For a while late on Sunday afternoon it looked as if Jimmy’s winning score of 3 under might just get him into a play-off, as the strong swirling winds saw the leading half dozen or so players ahead of him tumble down the leaderboard. Fortunately for Leishman and Younger, the final hole at Moonah measuring 581 metres, was down wind and that saw the long-hitting Leishman make birdie and Younger par and so secure the first two finishing spots respectively.
A further insight into how hard this course was playing on Sunday can be gauged from the scores of the top 20 finishers. Twelve of the field recorded rounds of 75 or worse.

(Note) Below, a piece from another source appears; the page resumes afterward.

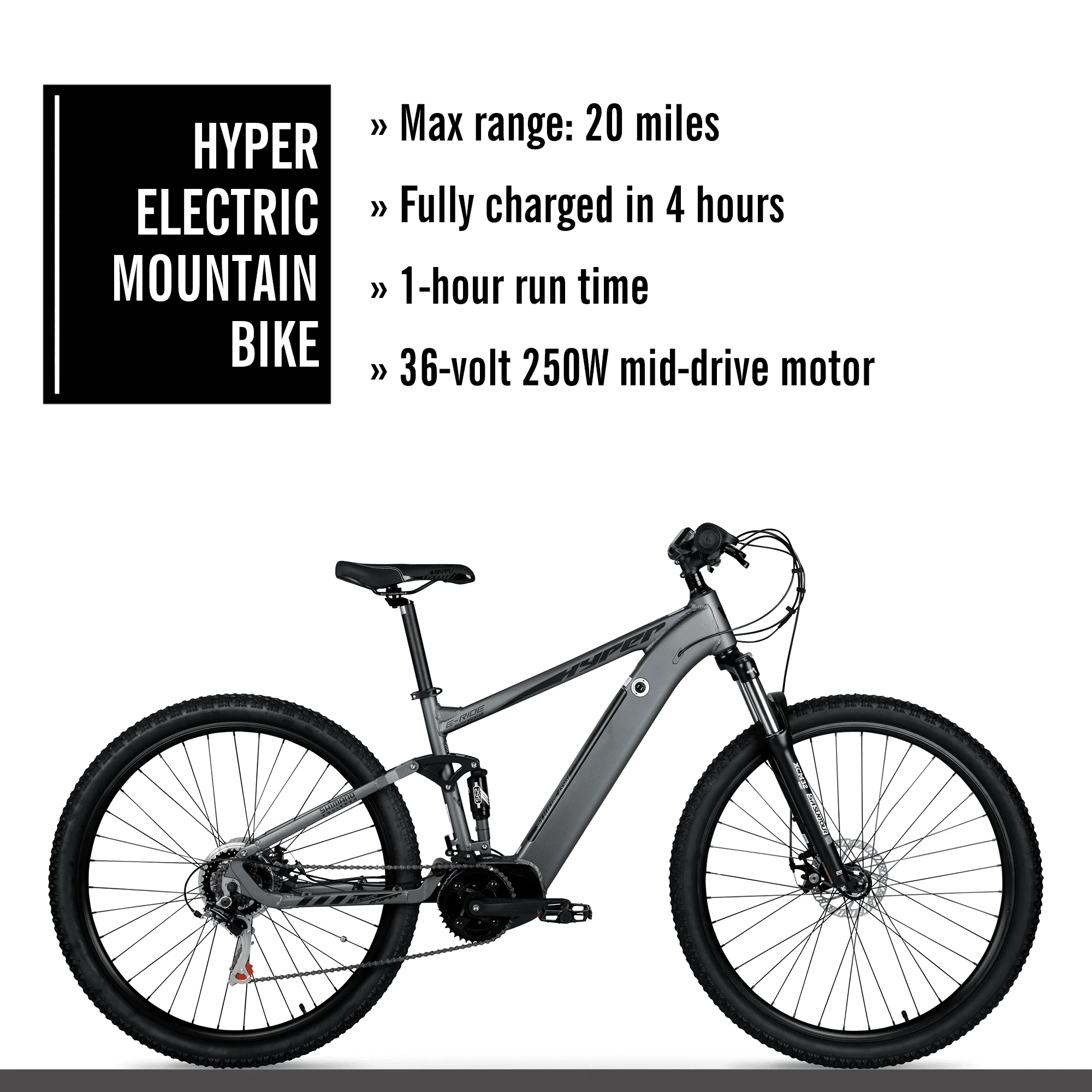 Hyper Bicycles E-Ride 29 36V Electric Mountain Bike for Adults, Pedal-Assist, 250W Mid-Drive E-Bike Motor, Grey

So take note of the name Jimmy Zheng, who said afterwards that his aim is to follow in the footsteps of Kazuma Kobori, who jumped from the Australasian PGA Tour onto the DP World Tour following a series of outstanding performances on this Aussie tour.
Jimmy comes to the professional ranks with an outstanding amateur career. He won the NZ Secondary Schools Championship 7 years ago as a 16-year-old at Palmerston North Golf Club, which included a round of 60 on what was the home course of the likes of Grant Waite and Craig Perks. He was selected to represent NZ at the Youth Olympics at Buenos Aires two years later. And he represented NZ at the prestigious Asia Pacific Championships, finishing a creditable 12th among essentially the world’s best amateurs.

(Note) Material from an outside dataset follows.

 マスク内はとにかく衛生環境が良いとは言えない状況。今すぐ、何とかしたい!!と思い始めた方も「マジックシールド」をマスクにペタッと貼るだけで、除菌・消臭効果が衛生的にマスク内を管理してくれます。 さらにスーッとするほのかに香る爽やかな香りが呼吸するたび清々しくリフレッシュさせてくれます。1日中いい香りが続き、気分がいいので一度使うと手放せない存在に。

In May of last year he won the PGA of Australasia Qualifying School. Again another significant credit to his name.
And this year he’s been playing on the Australasian tour. He’s had 10 starts to date, with 2 top 5 finishes, 4th in the West Australian PGA and now a 3rd place finish at the Victorian PGA. All up he’s won around A$30,000.
I’m sure he’ll command plenty of attention when he tees it up next year in the NZ Open in Queenstown, starting on 26 February.
Meanwhile, faraway in every sense of the word. Lydia Ko and golfing partner Jason Day were bathing in beautiful calm Florida weather, trying to win for a second time to win the Grant Thornton International Teams title. This format sees one female and one male teaming up with 15 other teams competing in foursomes and fourball over three separate rounds.
The Down Under combo of Day and Ko won this inaugural event two years ago but this year finished at the other end of the scoreboard in a tie for 13th place with three other teams.
The American pair of Lauren Coughlin and Kim Novak took out the title this year, sharing the US$1million winner’s purse. Ko and Day didn’t do too badly for their 13th place though, each pocketing US$63,500.